(Supplied material):
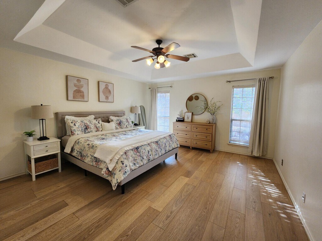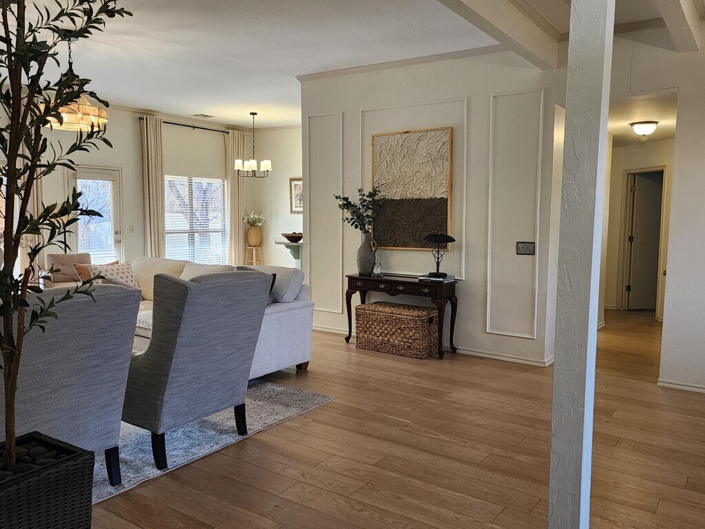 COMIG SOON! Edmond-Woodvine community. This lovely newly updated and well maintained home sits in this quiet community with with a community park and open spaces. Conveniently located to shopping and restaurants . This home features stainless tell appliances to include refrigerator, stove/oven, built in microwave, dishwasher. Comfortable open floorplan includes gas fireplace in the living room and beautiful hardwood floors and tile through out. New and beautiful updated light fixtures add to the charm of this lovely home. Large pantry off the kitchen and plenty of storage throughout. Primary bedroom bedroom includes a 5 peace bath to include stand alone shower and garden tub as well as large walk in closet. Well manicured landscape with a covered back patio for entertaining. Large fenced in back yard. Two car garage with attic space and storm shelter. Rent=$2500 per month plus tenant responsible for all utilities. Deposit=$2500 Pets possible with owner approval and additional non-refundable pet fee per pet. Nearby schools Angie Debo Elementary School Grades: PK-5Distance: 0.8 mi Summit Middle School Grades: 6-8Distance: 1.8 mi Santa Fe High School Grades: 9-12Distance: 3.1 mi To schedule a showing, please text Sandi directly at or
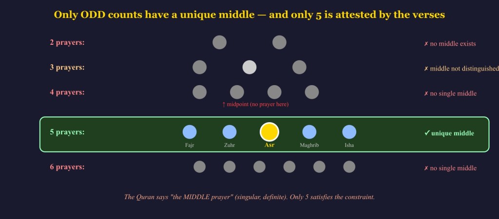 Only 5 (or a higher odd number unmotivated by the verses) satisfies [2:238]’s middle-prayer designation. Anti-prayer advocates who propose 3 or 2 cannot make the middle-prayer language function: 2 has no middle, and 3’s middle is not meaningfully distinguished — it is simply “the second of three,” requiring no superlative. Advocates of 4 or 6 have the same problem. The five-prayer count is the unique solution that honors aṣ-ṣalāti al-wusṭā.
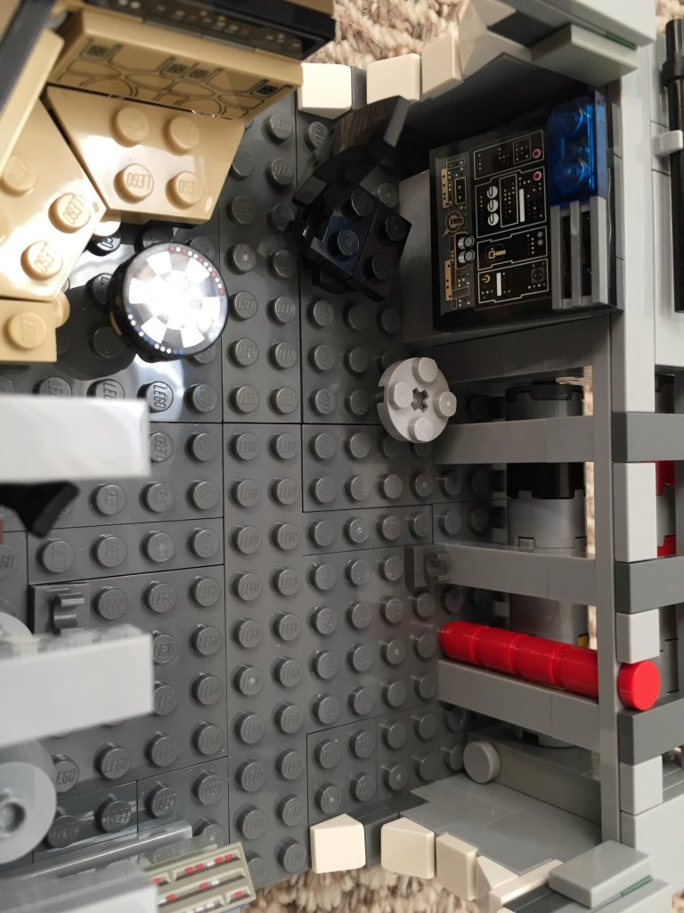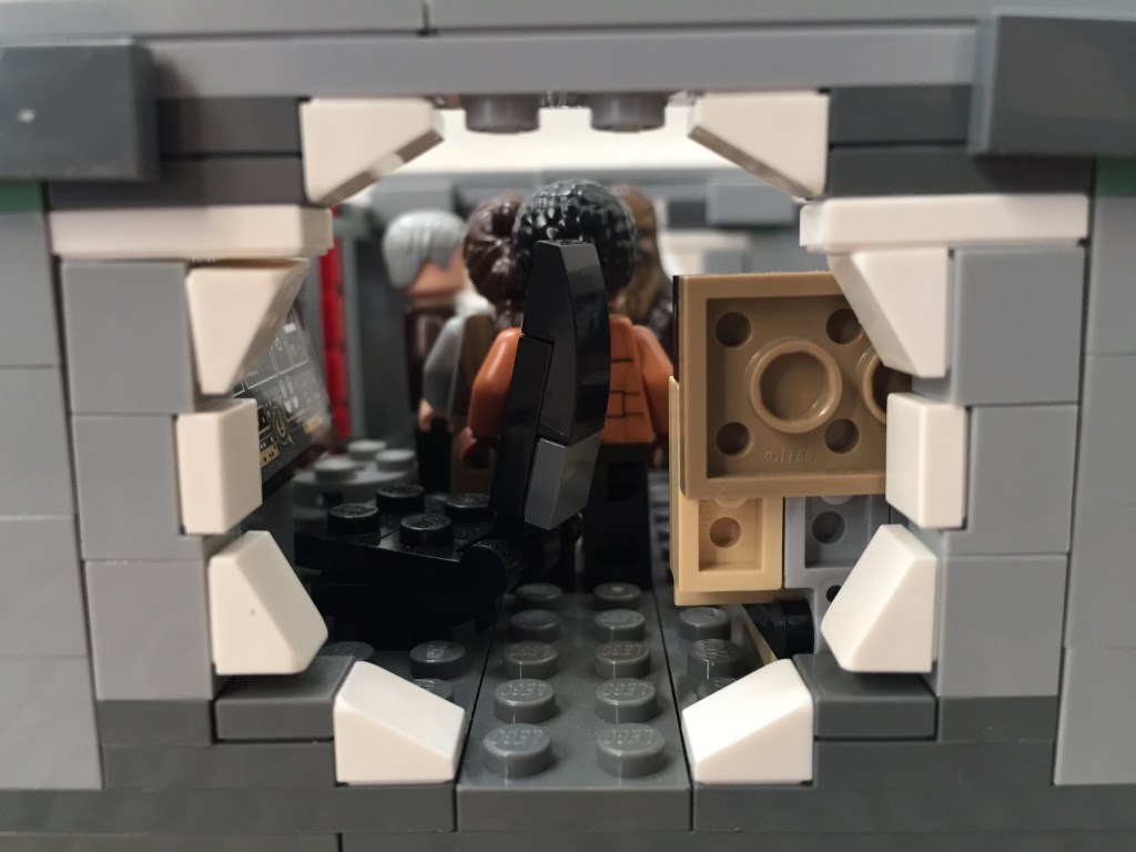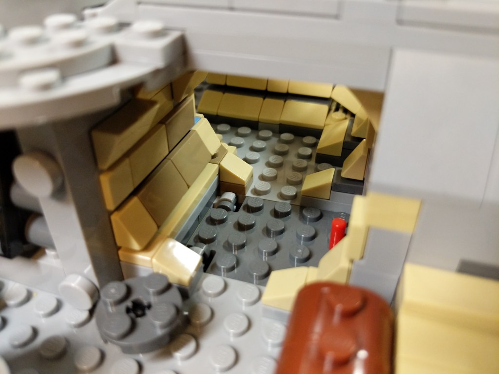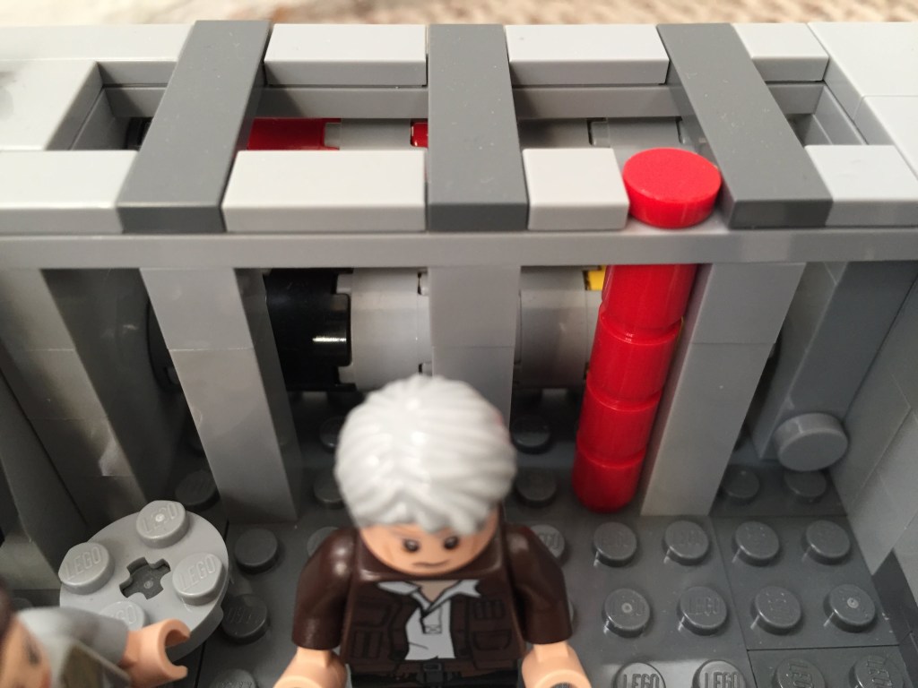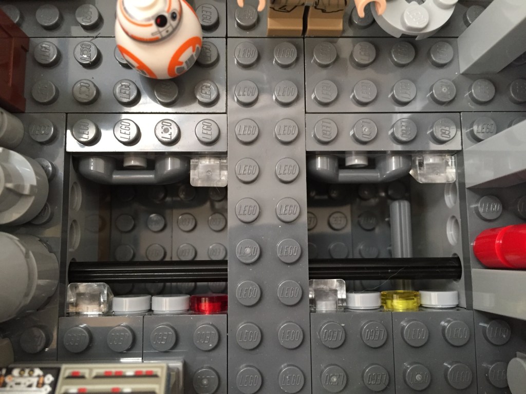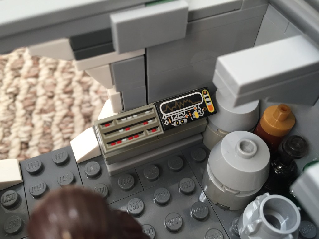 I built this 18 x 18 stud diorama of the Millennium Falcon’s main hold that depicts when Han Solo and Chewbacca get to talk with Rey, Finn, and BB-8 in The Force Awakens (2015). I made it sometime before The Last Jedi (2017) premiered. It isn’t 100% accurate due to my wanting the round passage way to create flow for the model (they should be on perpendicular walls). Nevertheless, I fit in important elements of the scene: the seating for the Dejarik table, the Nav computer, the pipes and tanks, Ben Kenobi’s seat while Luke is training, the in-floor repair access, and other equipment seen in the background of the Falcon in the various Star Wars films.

(Exercise brief):
Leave the pictures out and copy the rest of the data exactly.

(Exercise response):
 COMIG SOON! Edmond-Woodvine community. This lovely newly updated and well maintained home sits in this quiet community with with a community park and open spaces. Conveniently located to shopping and restaurants . This home features stainless tell appliances to include refrigerator, stove/oven, built in microwave, dishwasher. Comfortable open floorplan includes gas fireplace in the living room and beautiful hardwood floors and tile through out. New and beautiful updated light fixtures add to the charm of this lovely home. Large pantry off the kitchen and plenty of storage throughout. Primary bedroom bedroom includes a 5 peace bath to include stand alone shower and garden tub as well as large walk in closet. Well manicured landscape with a covered back patio for entertaining. Large fenced in back yard. Two car garage with attic space and storm shelter. Rent=$2500 per month plus tenant responsible for all utilities. Deposit=$2500 Pets possible with owner approval and additional non-refundable pet fee per pet. Nearby schools Angie Debo Elementary School Grades: PK-5Distance: 0.8 mi Summit Middle School Grades: 6-8Distance: 1.8 mi Santa Fe High School Grades: 9-12Distance: 3.1 mi To schedule a showing, please text Sandi directly at or
 Only 5 (or a higher odd number unmotivated by the verses) satisfies [2:238]’s middle-prayer designation. Anti-prayer advocates who propose 3 or 2 cannot make the middle-prayer language function: 2 has no middle, and 3’s middle is not meaningfully distinguished — it is simply “the second of three,” requiring no superlative. Advocates of 4 or 6 have the same problem. The five-prayer count is the unique solution that honors aṣ-ṣalāti al-wusṭā.
 I built this 18 x 18 stud diorama of the Millennium Falcon’s main hold that depicts when Han Solo and Chewbacca get to talk with Rey, Finn, and BB-8 in The Force Awakens (2015). I made it sometime before The Last Jedi (2017) premiered. It isn’t 100% accurate due to my wanting the round passage way to create flow for the model (they should be on perpendicular walls). Nevertheless, I fit in important elements of the scene: the seating for the Dejarik table, the Nav computer, the pipes and tanks, Ben Kenobi’s seat while Luke is training, the in-floor repair access, and other equipment seen in the background of the Falcon in the various Star Wars films.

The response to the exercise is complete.